- It's time for another epigraph. This one comes to us from Christabel LaMotte herself, who finally gets to make her mark on the text. Here, we get a brief retelling of the Rapunzel story, just in time to foreshadow the entrance of Maud Bailey—a feminist scholar with long, not-so-flowing hair whose office is at the top of a tall tower.
- Roland's train rolls in to Lincoln, where he plans to meet Maud Bailey and ask her some questions about Christabel LaMotte.
- Roland has spent most of the train ride catching up the existing LaMotte scholarship. To get us caught up, too, the novel shows us excerpts from the books that Roland was reading.
- When Roland gets off the train, Maud Bailey is waiting at the station to meet him. She drives him to the university and shows him up to her office.
- Once they're settled, Roland explains his inkling that Christabel LaMotte and Randolph Henry Ash might have corresponded.
- After talking with Roland for a little while, Maud brings him to the Women's Resource Centre, where the journals of Blanche Glover—Christabel LaMotte's housemate and supposed lover—are kept.
- As he skims through Blanche Glover's journals, Roland comes across tantalizing tidbits that intrigue him. He finds complaints about Christabel spending too much time writing correspondence, increasingly resentful complaints about "[l]etters, letters, letters" arriving for Christabel (4.69), and even descriptions of an unknown "prowler" stalking around their home.
- After skimming the journals, Roland feels sure that Christabel LaMotte must have been Randolph Henry Ash's mystery woman. The problem is, he still has no hard proof.
- When the library closes for the day, Maud and Roland sit down together for a cup of coffee. As they talk, Roland decides shows Maud the photocopies of the letters that he stole from the London Library.
- After Maud reads the letters, Roland comes clean about having stolen the originals.
- Maud accuses him of looking for an "academic scoop" (4.105), but Roland denies it: he insists that his interest in the mystery is personal, not for profit.
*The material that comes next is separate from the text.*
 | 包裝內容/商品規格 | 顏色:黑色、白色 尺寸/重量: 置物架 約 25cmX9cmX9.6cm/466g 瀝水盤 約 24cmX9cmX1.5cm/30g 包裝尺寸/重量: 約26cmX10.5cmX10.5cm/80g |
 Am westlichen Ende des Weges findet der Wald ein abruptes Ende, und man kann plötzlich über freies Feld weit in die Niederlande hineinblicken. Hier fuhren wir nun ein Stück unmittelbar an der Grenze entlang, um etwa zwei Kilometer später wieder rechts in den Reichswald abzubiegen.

- Instinctively, Maud believes Roland, though she isn't quite sure why.
- Roland needs another day's work to finish his research, and because he can't afford to book a hotel room, Maud invites him to spend the night on her couch. He accepts.
- At her apartment, Maud gives Roland a copy of Christabel LaMotte's Tales for Innocents to read while she makes supper. As Roland turns the pages, we readers catch brief glimpses of the stories bound inside.
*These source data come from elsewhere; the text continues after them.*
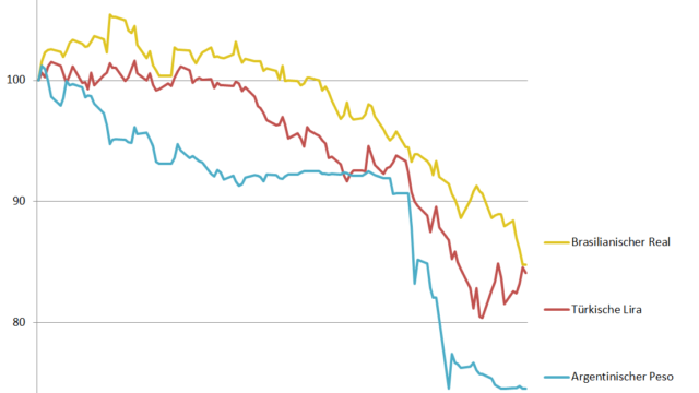 08.06.2018 Chart des Tages Domino in den Schwellenländern. Die höheren Zinsen in den USA und der sich wieder aufwertende Dollar bringen die Schwellenländer in Bedrängnis.
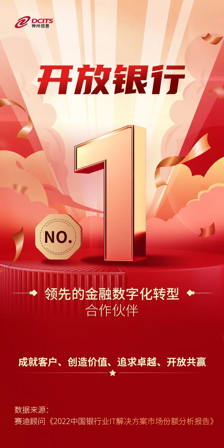 赛迪顾问在报告中表示,开放银行是银行数字化转型的必经之路。开放银行通过数字技术实现金融产品和服务的融合,同时构建数字金融生态,满足客户个性化、场景化的金融需求。在2022年开放银行解决方案市场上,神州信息继续蝉联市场第一名。
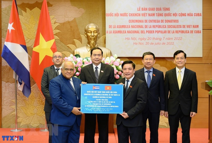 Tổng Thư ký Quốc hội kiêm Chủ nhiệm Văn phòng Quốc hội Bùi Văn Cường trao bảng tượng trưng cho Đại sứ đặc mệnh toàn quyền Cộng hòa Cuba tại Việt Nam Orlando Nicolás Hernández (2022). (Ảnh: Minh Đức/TTXVN)
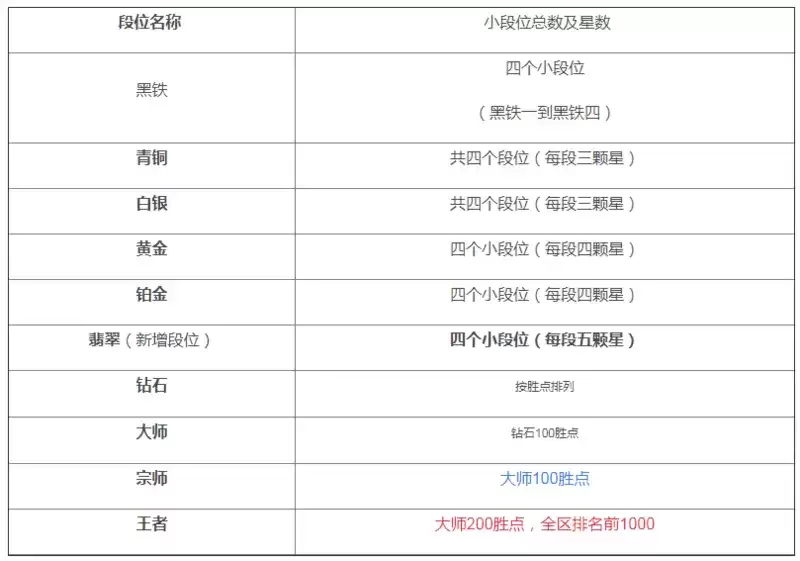 手游里面是分成10个段位,按级别从低到高分别为黑铁,青铜,白银,黄金,珀金,翡翠,钻石,大师,宗师,王者,而且每个段位里都是有分4个小段位。

- As he reads, Roland also studies the illustrations that accompany the stories—captivating prints of woodcuts that were carved by Blanche Glover.
- When Maud returns with supper, she and Roland chat about the Tales. They're drawn to one in particular—a story about a woman who wants a child so badly that she declares "she would give anything for a child, of any kind, even a hedgehog" (4.123). Lo and behold, the woman soon gives birth to a little boy who's both human and hedgehog, and covered all over with prickles and spines.
- Roland and Maud chat about literature and literary scholarship for a little while, then Maud makes up a bed for Roland on the couch.
- Afterward, Roland shows Maud the original letters that he stole from the London Library.
- Maud finds the letters just as captivating as Roland does, and the sight of them inspires her to extend another invitation to Roland. She asks him if he wants to take a little road trip the next morning, to look at the manor house where Christabel LaMotte spent the last 20+ years of her life.
- As Roland settles into his couch-bed for the evening, Maud takes a shower and gets ready for bed. She reflects on her affair with Fergus Wolff, her beauty, her feminism, and her flowing golden hair.
- Roland, who's lying snug as a bug on Maud's couch, picks up Tales for Innocents again and begins to read, we readers see the very same story he does. From this point on, the chapter transcribes the text of "The Glass Coffin": a fairy tale in which an adventurous tailor has an adventure, rescues a fair damsel and her kingdom, defeats an evil wizard, and is rewarded with a lifetime of wedded bliss and happy industry.